Cut the cord at the beach house a few months back.


I use an antenna for networks which are free in full HD (unlike cable which is not), and the a Tivo with Amazon Prime.


I can record 4 channels at the same time, watch when I want, and have more choices than before, and none of those stupid channels we are forced to pay for but don't watch.


Total savings is $80.00 per month.




I also use streaming from my laptop to the big screen via Miracast, which is free.


No lack of programming to watch at all.:biggrin2:


----------



## huesmann (Aug 18, 2011)

My problem is when the NFL game I want to watch is on NFLN. I can probably find an illegal stream or something, but the picture quality will blow.


----------



## raylo32 (Nov 25, 2006)

I cut the cord years ago but Comcast got me back for one TV because the cost was only a tiny bit higher than no TV service. The other TVs are on antenna for broadcast and FireStick for streaming. For me the setup that works is a basic TV plan with very limited DVR and I use a HTPC with TV tuner card and PLEX for unlimited OTA DVR and streaming. PLEX is killer.

One thing to be aware of if really cutting the TV service out is that some Internet providers have data caps that you can easily exceed streaming. I just ran into this issue with Mediacom who provides my mom's service. My deadbeat niece moved in with her 4 months ago and mom started getting big overage bills from Mediacom for busting her data caps. I went into the router and watched traffic and soon found the culprit. Then I had to explain to my mom what data is... and tell my niece to stop using her Chromecast until she gets a job and pays for the service.


----------



## CodeMatters (Aug 16, 2017)

I've been sharing a satellite service with my ex and that made the 
cost reasonable...but...she just let me know she doesn't want it 
anymore cuz she's watching everything online. 
Guess it's time to figure out wtf firestick and all these gadgets are...
Might look for help here.


----------



## raylo32 (Nov 25, 2006)

FireStick, Chromecast, Roku, etc, are just smart TV platforms that have apps to connect to various streaming services like Prime Video, Hulu, YouTube, Netflix, PLEX, etc, etc. The devices themselves have no service fee, but many of the other services do have their own fees. These plug into HDMI port on your TV. But you do need an Internet service and wifi network to access any of the content. Depending on your TV you don't need the sticks if the TV is newish and has a decent innate smart TV platform. One benefit to the sticks is that if you have different brands of TVs they can all work the same as smart TVs... and the sticks firmwares seem to be kept more up to date than the TVs.





CodeMatters said:


> I've been sharing a satellite service with my ex and that made the
> cost reasonable...but...she just let me know she doesn't want it
> anymore cuz she's watching everything online.
> Guess it's time to figure out wtf firestick and all these gadgets are...
> Might look for help here.


----------



## raylo32 (Nov 25, 2006)

And therein is one of the main problems. Sports, and the fees they demand that drive up cable rates. It's hard to get a package without the ESPNs, etc. I mean I love sports but the costs and fees have gotten out of control.

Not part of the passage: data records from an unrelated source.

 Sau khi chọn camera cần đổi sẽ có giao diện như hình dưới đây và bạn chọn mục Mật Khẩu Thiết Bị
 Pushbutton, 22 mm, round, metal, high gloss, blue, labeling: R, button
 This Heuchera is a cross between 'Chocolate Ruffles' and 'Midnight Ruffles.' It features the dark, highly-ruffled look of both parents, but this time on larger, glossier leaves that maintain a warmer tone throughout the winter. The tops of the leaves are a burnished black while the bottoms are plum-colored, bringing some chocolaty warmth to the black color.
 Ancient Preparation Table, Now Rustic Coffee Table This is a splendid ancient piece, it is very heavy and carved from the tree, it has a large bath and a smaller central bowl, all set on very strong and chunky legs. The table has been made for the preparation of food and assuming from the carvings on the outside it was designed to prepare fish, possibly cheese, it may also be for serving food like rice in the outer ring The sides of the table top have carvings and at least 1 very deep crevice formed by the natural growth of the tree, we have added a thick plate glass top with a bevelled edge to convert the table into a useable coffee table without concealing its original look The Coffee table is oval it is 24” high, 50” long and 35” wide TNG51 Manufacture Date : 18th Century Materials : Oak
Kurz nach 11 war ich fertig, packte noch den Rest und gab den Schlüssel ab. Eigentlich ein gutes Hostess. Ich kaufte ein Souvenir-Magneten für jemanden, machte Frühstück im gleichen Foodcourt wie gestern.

The other main issue is that in our chaotic broadband environment the FCC has allowed rampant vertical integration where single entities own and control broadcast and Internet infrastructure as well as much of the content. Hence everything is moving to be behind pay walls, even a lot of stuff that used to be broadcast. Won't be long until the broadcast airwaves will be 24/7 infomercials. Halfway there already. If I were king for a day...



huesmann said:


> My problem is when the NFL game I want to watch is on NFLN. I can probably find an illegal stream or something, but the picture quality will blow.


----------



## ktkelly (Apr 7, 2007)

There's a new player coming to the streaming products that may well change the landscape yet again.


Peacock.


This is due to start up in April or july and ill be a free with ads (like with an antenna), a lower cost tier with less ads and more content, or a $10.00 per month with no ads.

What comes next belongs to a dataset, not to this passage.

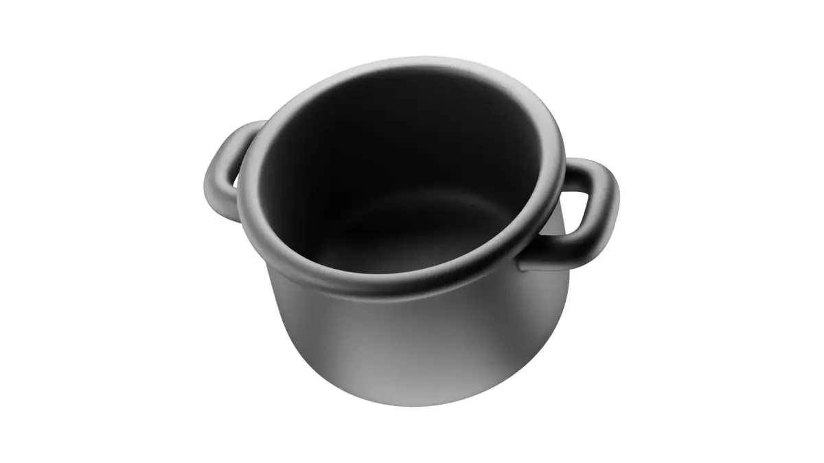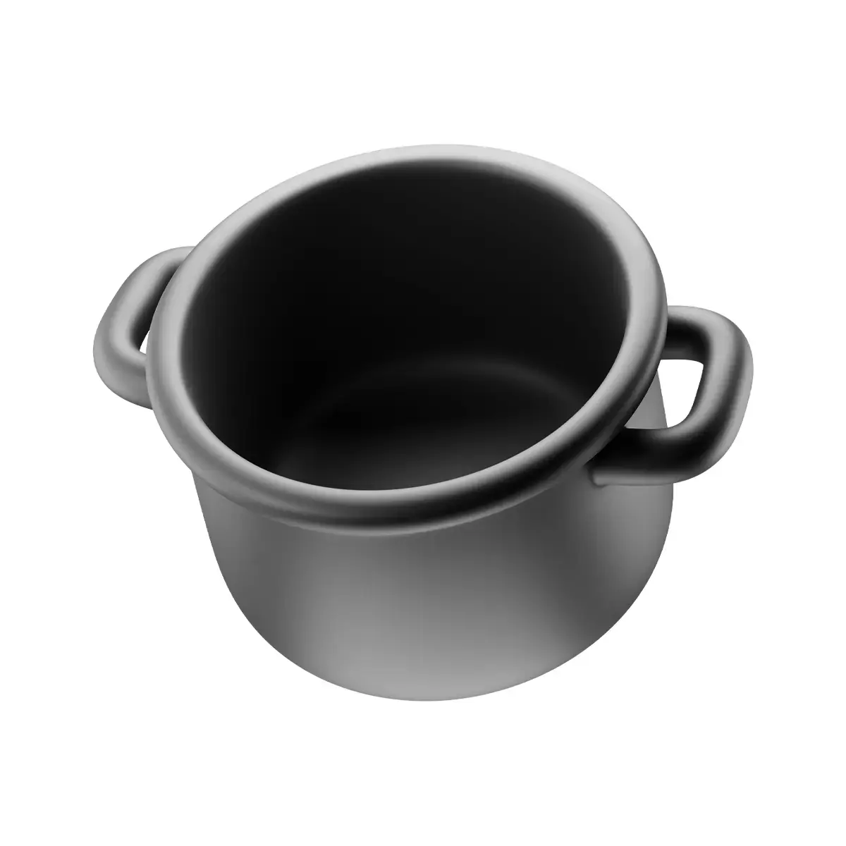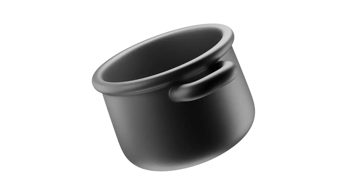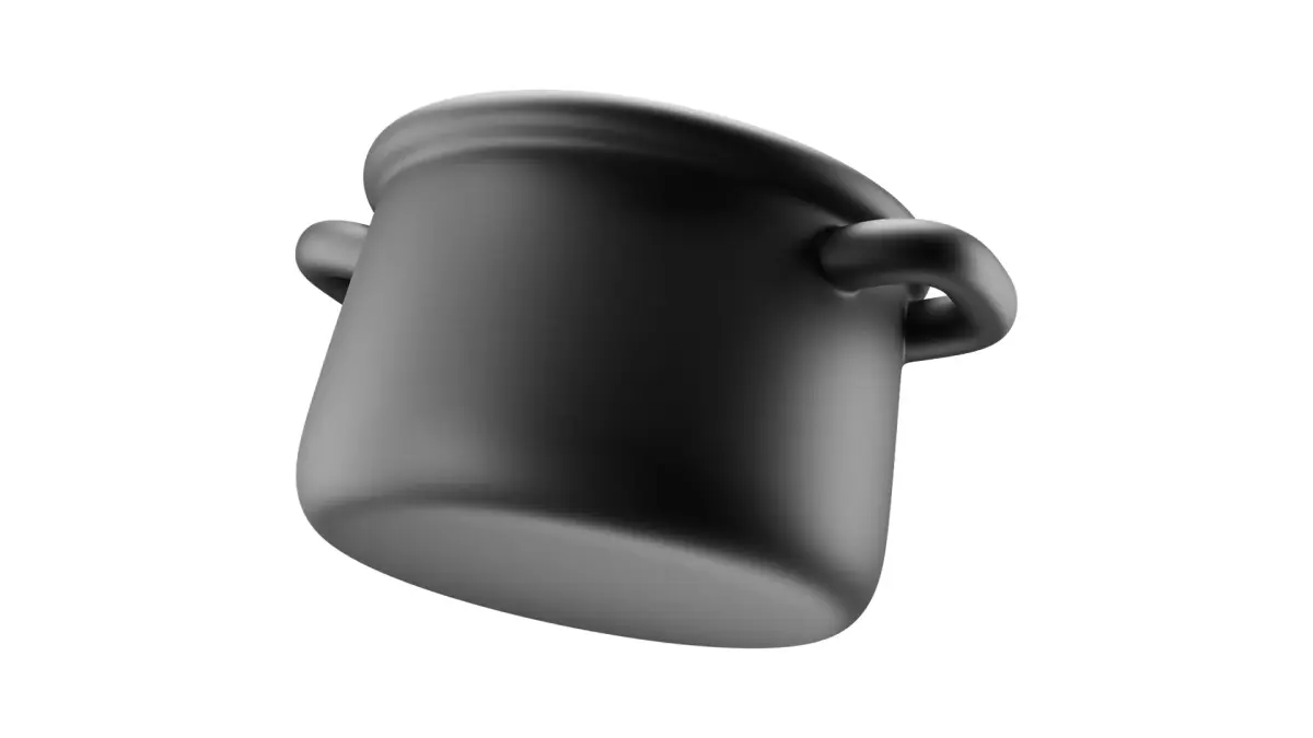 Minimalist 3D saucepan icon in a clean, matte black finish. Designed in a cartoon-style aesthetic for kitchen, cooking, and household-themed projects. Suitable for 3D icons, branding, and motion graphics.

We will see how this goes.


----------



## raylo32 (Nov 25, 2006)

We'll see. The problem with all these services is knowing exactly what content they have... and how that inventory and the costs will change over time. And no one service is likely to have everything you want. IMO this is all a chaotic mess.



ktkelly said:


> There's a new player coming to the streaming products that may well change the landscape yet again.
> 
> 
> Peacock.
> ...


----------



## huesmann (Aug 18, 2011)

raylo32 said:


> But you do need an Internet service and wifi


Yes, you need internet, but not necessarily WiFi. Dunno about the other devices, but there's an optional ethernet adapter you can get for the Fire TVs. And your TV, if it has on-board apps (Hulu, Netflix, etc.) probably also has an ethernet port.

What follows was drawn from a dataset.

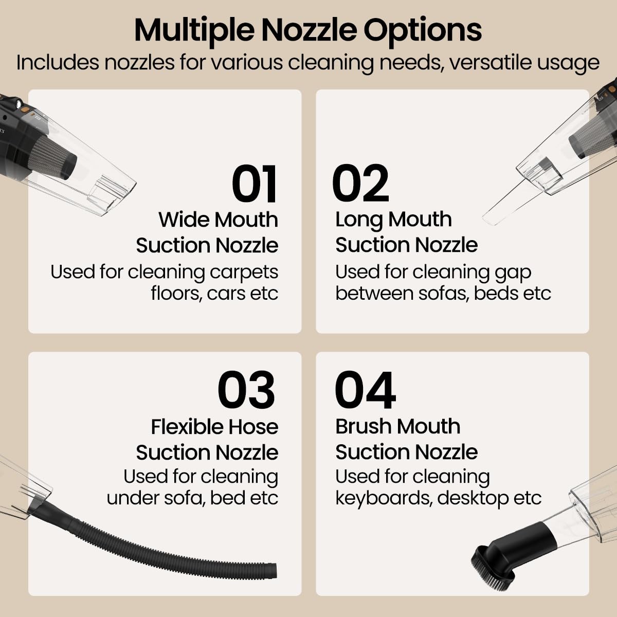 The Portronics Mopcop rechargeable handheld vacuum cleaner features a cordless design, making it portable and convenient for cleaning anywhere with its powerful rechargeable battery that allows extended sessions. It includes an eco-friendly, reusable HEPA filter that effectively traps dust and allergens, and is easy to wash and maintain for long-lasting performance. The built-in LED flashlight illuminates dark corners and under furniture, ensuring thorough and efficient cleaning. With a high suction power, Mopcop delivers deep, effective cleaning on various surfaces, including car interiors, carpets, upholstery, and hard floors. It also comes with multiple nozzles tailored for diverse cleaning tasks, allowing you to effortlessly switch between them to handle any mess. This versatile and efficient vacuum cleaner ensures a spotless home with ease and convenience.
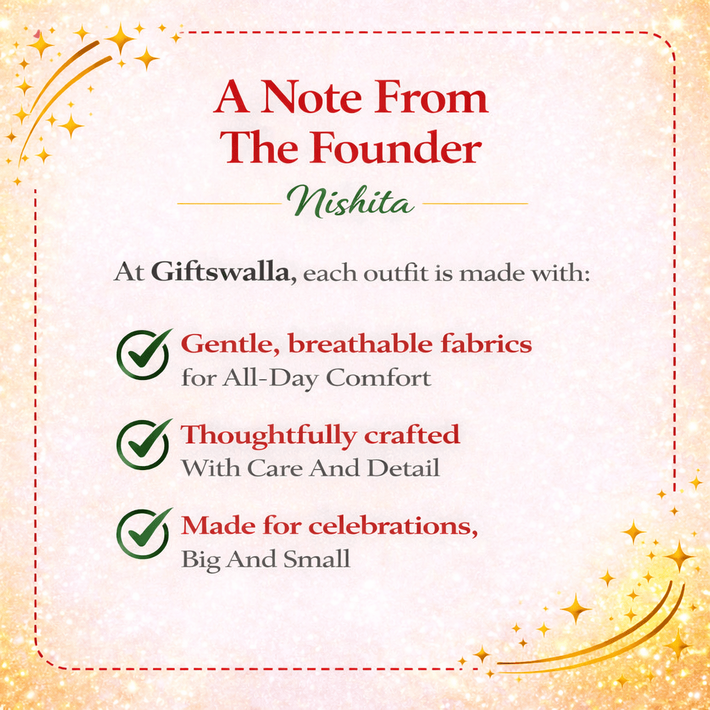 GiftsWalla was born from a simple idea—that the best gifts aren’t just beautiful, they’re thoughtful. From premium kids’ ethnic wear in soft cotton and mulmul to curated twinning sets that create memories, we handpick every piece with one question in mind: Would we gift this to someone we love?

But odds are your intarwebs service comes with a router that has WiFi anyway.

I prefer the LAN cable though, if you're streaming 4K media and doing other stuff on the internet at the same time.


----------



## raylo32 (Nov 25, 2006)

Agree, if you are able to get an ethernet cable to your TV that is ideal. But modern WiFi routers are plenty fast enough for multiple 4K streams. I have my HTPC connected to the router via gigabit cable so that part of any intranet streaming is very fast.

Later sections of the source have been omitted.